What the Palestinian people want, in practical terms
“In a war of ideas, it is people who get killed”. (Stanisław Jerzy Lec)
History knows many proofs of the famous proverb: “The road to hell is paved with good intentions”. High-minded dreams of some result in sweat, tears and blood for others.
Not long ago Libya was a prospering country. Medicine, education and electricity were free for all citizens. There was a supermarket chain with symbolic prices of basic products for large families. There was no rent. A liter of gasoline was cheaper than a liter of water, and the state paid $ 7 000 for every newborn. Today, thanks to the efforts of the European powers, Libya is a ruined, miserable country taken to pieces by local clans, gangs and agents of influence, including “Al Qaida” and Iran.
Kosovo is another example. Recognized by the West, it remains “a black hole” of the world community and the main transit point for drugs and sex slavers trafficking.
Supporting the Palestinian state is a modern tendency. The problem is that nobody has asked Palestinians themselves what that wanted. It is clear that any inhabitant of Jenin or Nablus would without a hitch tell the BBC or CNN correspondents that he longs for Free Palestine. Any other reaction is impossible in a patriarchal or totalitarian society.
When foreigners asked a “Homo Soveticus” about his vital values, he immediately recollected his “Love for Motherland”. It didn’t stop him from savoring jokes about communist leaders, and having a yen for American tape recorders and jeans.
The recent (May 2011) poll of the Palestinian Center for Public Opinion (PCPO) has revealed that 35 percent of East Jerusalem Arabs would prefer Israeli citizenship, and the same number refrained from answering the question. In case of dividing Jerusalem 40 percent said they would try to get over to Israel.
According to a similar poll by Pechter Middle East Polls Institute conducted in January 2011 in 19 Arab quarters of East Jerusalem, 54 percent of Palestinians prefer to remain under Israeli jurisdiction; 39 percent were sure that their neighbors were eager to get Israeli passports.
Another PCPO poll was conducted in June 2011 after the reconciliation between Fatah and HAMAS. It showed that Palestinians wanted independence but their major concerns were corruption, unemployment and poverty (36 percent). Only 30 percent thought that their most serious problems were Israeli occupation and settlement activity.
This is hardly a sensation. When in 2000 in Camp — David Ehud Barak, the former Israeli Prime Minister expressed readiness to transfer significant parts of East Jerusalem to Arafat, Arab inhabitants of Shuafat and Beit Hanina villages in the North of Jerusalem started buying dwelling in the village of Beit Safafa in South Jerusalem which would anyway remain in the borders of Israel.

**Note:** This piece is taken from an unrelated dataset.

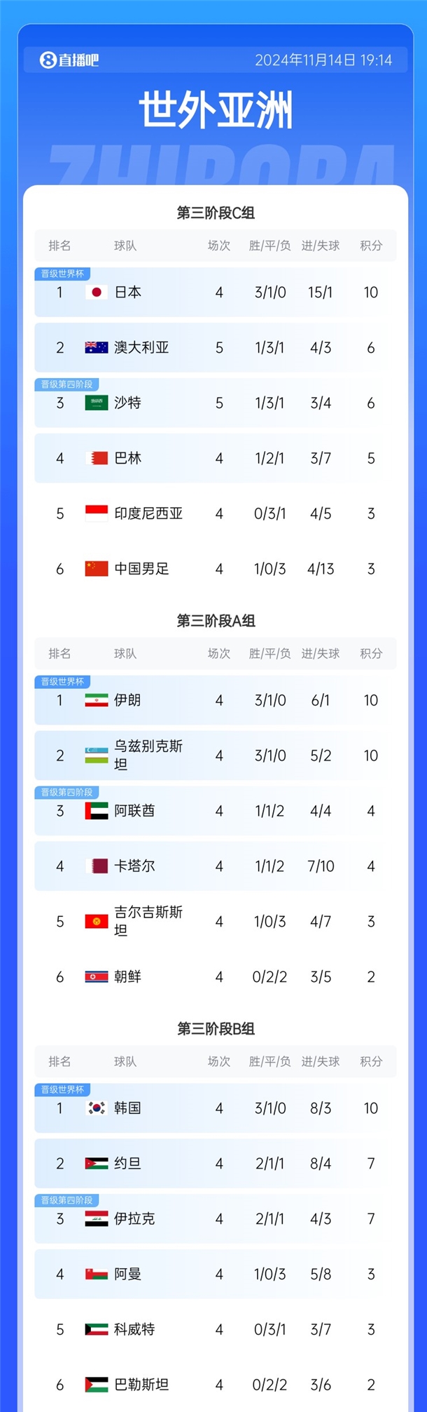 11月14日訊 世界杯亞洲區(qū)預(yù)選賽18強(qiáng)賽C組先賽一場(chǎng),澳大利亞主場(chǎng)0-0戰(zhàn)平沙特?!扼w壇周報(bào)》記者馬德興更新社媒談到自己對(duì)小組積分榜的看法。

During many years Arabs of the West Bank have tried to move to East Jerusalem and obtain Israeli citizenship. Today Arabian speech can be heard in many Jewish quarters of the city. Arabs, both Christians and Muslims, buy apartments here. However they don’t hesitate to speak in favor of an independent Palestinian state.
These are the realities of the Middle East that are incomprehensible to a western person. However, the phenomenon of “split consciousness” has a simple explanation. On the one hand, Palestinians cherish the dream of their own state and destruction of Israel. But on the other hand, they want to exist normally here and are putting off their expectations for an uncertain future.
They don’t have any sympathies either for Jews, or for their state. But they can get a job in Israel, and moreover the citizens of East Jerusalem have numerous advantages: medical and social insurance, good job possibilities, government protection from extortion, corruption and gangster bands. They are also protected from HAMAS that in the event of assuming power could impose on them its way of life as it happened in Gaza.
According to official Palestinian data a couple of years ago about 12 000 Palestinians worked on settlement construction in the West Bank. It was their main and sometimes the only source of income which they lost after the Palestinian Authority had prohibited that kind of job.
But the PA itself is not able to provide any reasonable alternative. From their own contractors Palestinians receive 100 -150 shekels per day, from the Israeli ones – 350-450 shekels per day. Palestinians hope that the houses constructed by their own hands will one day become their property. But today they desperately need money for existence and look sadly at Romanians and Thais replacing them on construction sites in Israel.
The enlightened world exulted over Israel leaving the Gaza strip. However the people of Khan Younis hardly shared the enthusiasm, because they once earned in hothouses of Gush-Katif more per month than they receive now per year in the form of humanitarian help or doing odd jobs.
It is not difficult to foresee what will happen when the world recognizes the Palestinian state unilaterally. Existing economic ties between Israel and the PA will break, the West Bank will be cut off from Israel, the political atmosphere will make it impossible for Arabs working in Israel, and the Palestinian economy that has hardly recovered after long years of crisis will again be plunged into chaos.
According to a PCPO poll, today 26 percent of Palestinians are ready to leave the West Bank. It is anyone’s guess how this number will increase in case of sharp deterioration in the economic situation of the new state.
The Palestinian state will probably be proclaimed. But will it help Palestinians?